■ **Task details**: Up to and including the line holding "٦٠٣٩٠ - عن إبراهيم", write out the data exactly from its first line, but not the pictures.

■ **Materials provided**:
[Start of Attachment]

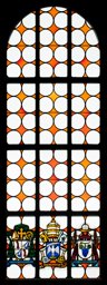 Fenster in grau-weissen geometrischen Formen, durchsetzt mit farbigen Formen sowie dem Vollwappen Franz von Streng.
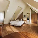 Looking onto the castle, some of the 36 rooms are appointed with a wooden floor. Also, they feature wood flooring.
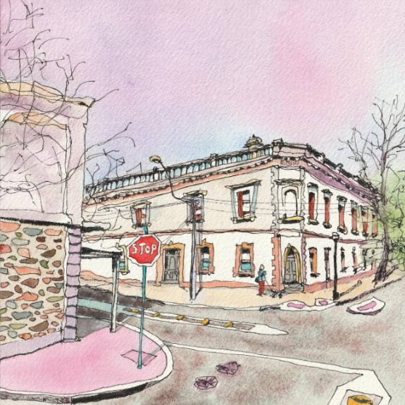 Somewhat of a storybook scene on the corner of High Street and Bridge Street. A dog walker passes the old Rising Sun hotel. The streets are calm and the colours gentle.
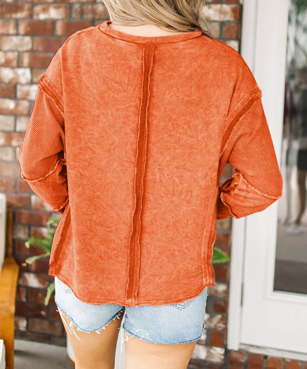 Exposed Seamed High Low Raw Edge Sweatshirt
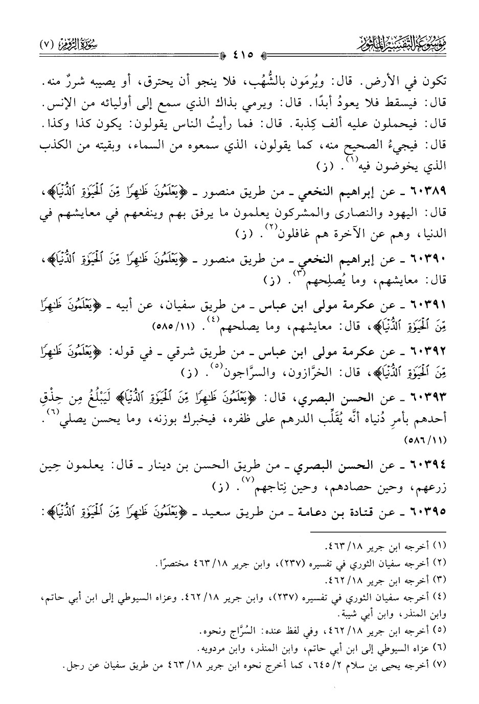 ٦٠٣٩٠ - عن إبراهيم النخعي -من طريق منصور- {يَعْلَمُونَ ظاهِرًا مِنَ الحَياةِ الدُّنْيا}، قال: معايشهم، وما يُصلِحهم (¬٣). (ز)
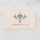 Elegant black and white chandelier on a light-beige background, interior design business card template with pink accent. The word design in pink is upside down, but it can be turned around if you like. If you need any help customising any of my designs, contact ArtOnWear designer.

[End of Attachment]

■ **Answer to the exercise**:
 Fenster in grau-weissen geometrischen Formen, durchsetzt mit farbigen Formen sowie dem Vollwappen Franz von Streng.
 Looking onto the castle, some of the 36 rooms are appointed with a wooden floor. Also, they feature wood flooring.
 Somewhat of a storybook scene on the corner of High Street and Bridge Street. A dog walker passes the old Rising Sun hotel. The streets are calm and the colours gentle.
 Exposed Seamed High Low Raw Edge Sweatshirt
 ٦٠٣٩٠ - عن إبراهيم النخعي -من طريق منصور- {يَعْلَمُونَ ظاهِرًا مِنَ الحَياةِ الدُّنْيا}، قال: معايشهم، وما يُصلِحهم (¬٣). (ز)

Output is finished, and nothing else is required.